++++ Raw data
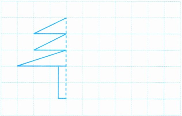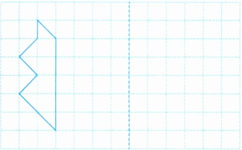 2. 沿对称轴画出它的另一半,使它成为轴对称图形:
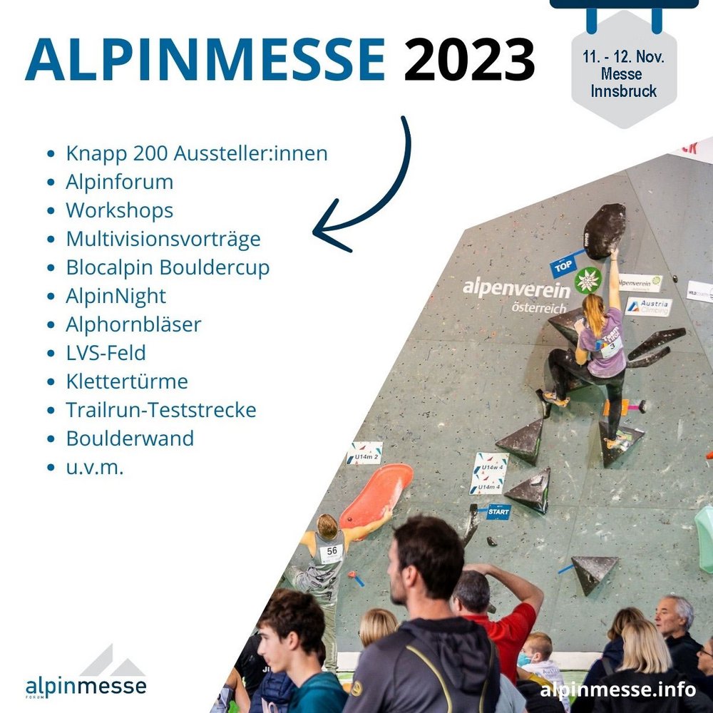 Die Alpinmesse mit Alpinforum ist Österreichs größte Bergsportmesse und findet gemeinsam mit dem Alpinforum vom 11. - 12. November 2023 statt.
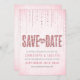 Cette charmante carte de faire-part "save the date" conçue par The Spotted Olive™ présente un joli fond rose pâle avec une image de pierres précieuses scintillantes et les mots "Save The Date" composés de manière élégante et remplis d'une image de paillettes roses. NOTE IMPORTANTE : CE DESIGN NE COMPREND QU'UNE IMAGE IMPRIMÉE DE PAILLETTES ; IL N'Y A AUCUNE PAILLETTE PHYSIQUE UTILISÉE OU INCLUSE ; IL N'Y A AUCUN EMBELLISSEMENT. IL S'AGIT D'UNE INVITATION IMPRIMÉE PLATE. Copyright 2013 à ce jour | The Spotted Olive™ | Tous droits réservés
++++++++
> [Exercise] Working from the lines above, reproduce the material exactly and exclude its pictures.

> [Answer]
 2. 沿对称轴画出它的另一半,使它成为轴对称图形:
 Die Alpinmesse mit Alpinforum ist Österreichs größte Bergsportmesse und findet gemeinsam mit dem Alpinforum vom 11. - 12. November 2023 statt.
 Cette charmante carte de faire-part "save the date" conçue par The Spotted Olive™ présente un joli fond rose pâle avec une image de pierres précieuses scintillantes et les mots "Save The Date" composés de manière élégante et remplis d'une image de paillettes roses. NOTE IMPORTANTE : CE DESIGN NE COMPREND QU'UNE IMAGE IMPRIMÉE DE PAILLETTES ; IL N'Y A AUCUNE PAILLETTE PHYSIQUE UTILISÉE OU INCLUSE ; IL N'Y A AUCUN EMBELLISSEMENT. IL S'AGIT D'UNE INVITATION IMPRIMÉE PLATE. Copyright 2013 à ce jour | The Spotted Olive™ | Tous droits réservés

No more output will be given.